◆ Excerpted data ◆
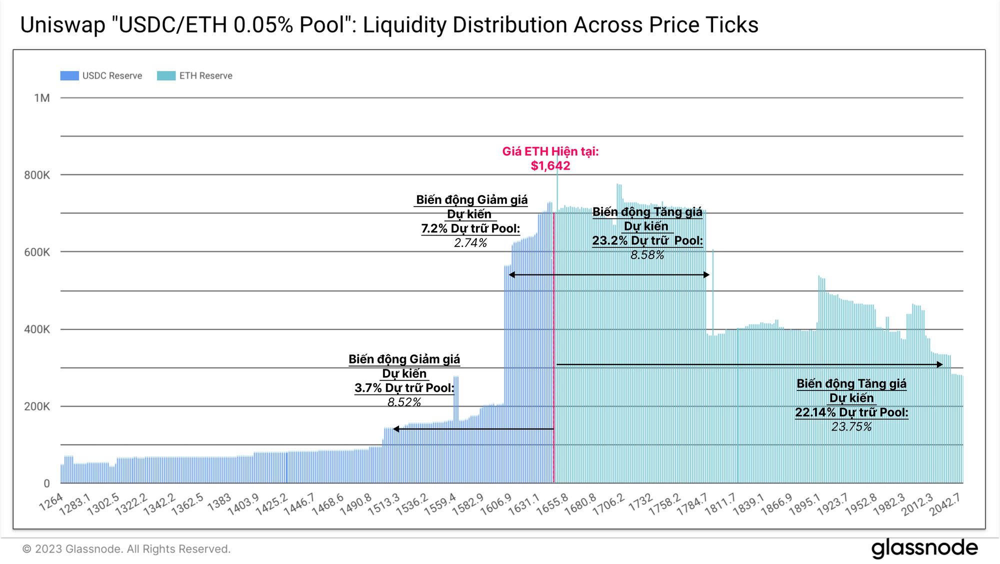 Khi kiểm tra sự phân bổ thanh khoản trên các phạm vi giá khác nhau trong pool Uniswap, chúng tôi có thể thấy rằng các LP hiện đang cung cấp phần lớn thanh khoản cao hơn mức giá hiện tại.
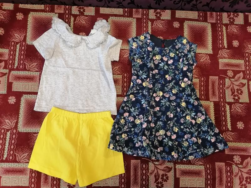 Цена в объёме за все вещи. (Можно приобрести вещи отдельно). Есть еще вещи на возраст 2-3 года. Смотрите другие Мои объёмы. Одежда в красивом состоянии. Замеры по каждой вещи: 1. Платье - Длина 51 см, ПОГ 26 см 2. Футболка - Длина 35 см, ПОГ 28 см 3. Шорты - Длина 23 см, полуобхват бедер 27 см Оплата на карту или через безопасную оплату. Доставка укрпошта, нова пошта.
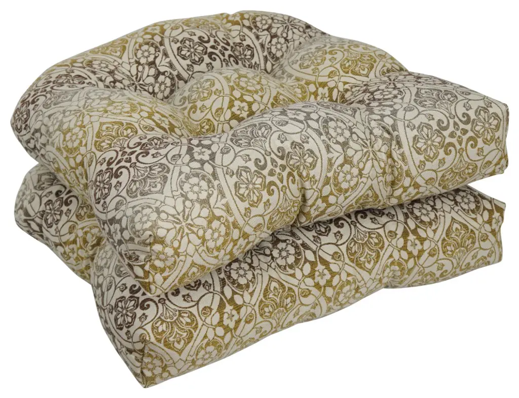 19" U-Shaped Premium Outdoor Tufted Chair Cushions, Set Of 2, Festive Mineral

==

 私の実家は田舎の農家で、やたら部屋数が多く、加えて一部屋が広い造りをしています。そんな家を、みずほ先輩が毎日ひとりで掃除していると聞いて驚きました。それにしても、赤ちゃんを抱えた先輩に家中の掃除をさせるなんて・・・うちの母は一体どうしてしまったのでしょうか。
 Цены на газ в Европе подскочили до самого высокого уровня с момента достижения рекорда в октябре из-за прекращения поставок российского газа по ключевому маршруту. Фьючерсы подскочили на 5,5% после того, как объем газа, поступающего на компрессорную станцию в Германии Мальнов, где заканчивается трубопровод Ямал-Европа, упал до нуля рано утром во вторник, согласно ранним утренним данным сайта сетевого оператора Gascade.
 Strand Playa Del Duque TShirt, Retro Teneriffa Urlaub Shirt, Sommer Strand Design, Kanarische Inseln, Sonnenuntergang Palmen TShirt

--

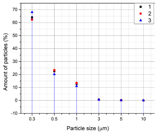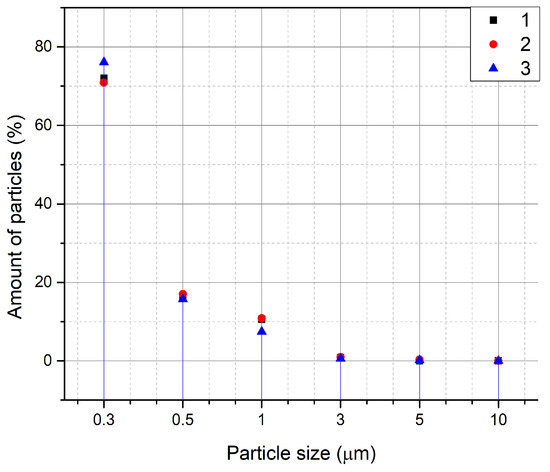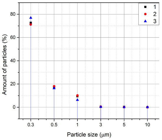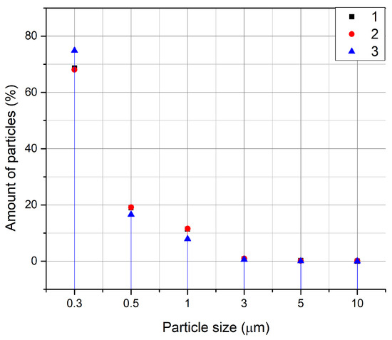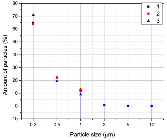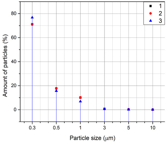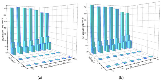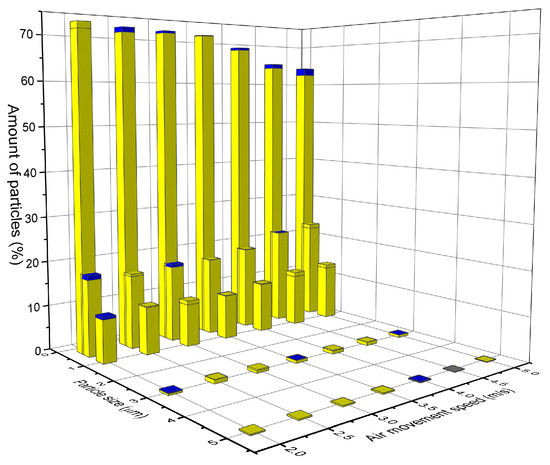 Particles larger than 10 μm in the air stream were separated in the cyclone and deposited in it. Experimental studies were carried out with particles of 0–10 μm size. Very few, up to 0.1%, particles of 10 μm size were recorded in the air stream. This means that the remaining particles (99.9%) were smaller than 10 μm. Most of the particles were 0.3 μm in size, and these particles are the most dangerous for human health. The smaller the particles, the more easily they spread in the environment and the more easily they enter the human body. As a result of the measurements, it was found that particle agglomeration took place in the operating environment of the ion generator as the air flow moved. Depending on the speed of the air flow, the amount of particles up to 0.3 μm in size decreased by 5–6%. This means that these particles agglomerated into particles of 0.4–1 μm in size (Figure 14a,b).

◆ Exercise requirements ◆
Pictures do not belong in the answer. Return the lines above starting at the one with "Khi kiểm tra" and ending at the one with "2, Festive Mineral", both kept, exactly.

◆ Reply to the exercise ◆
 Khi kiểm tra sự phân bổ thanh khoản trên các phạm vi giá khác nhau trong pool Uniswap, chúng tôi có thể thấy rằng các LP hiện đang cung cấp phần lớn thanh khoản cao hơn mức giá hiện tại.
 Цена в объёме за все вещи. (Можно приобрести вещи отдельно). Есть еще вещи на возраст 2-3 года. Смотрите другие Мои объёмы. Одежда в красивом состоянии. Замеры по каждой вещи: 1. Платье - Длина 51 см, ПОГ 26 см 2. Футболка - Длина 35 см, ПОГ 28 см 3. Шорты - Длина 23 см, полуобхват бедер 27 см Оплата на карту или через безопасную оплату. Доставка укрпошта, нова пошта.
 19" U-Shaped Premium Outdoor Tufted Chair Cushions, Set Of 2, Festive Mineral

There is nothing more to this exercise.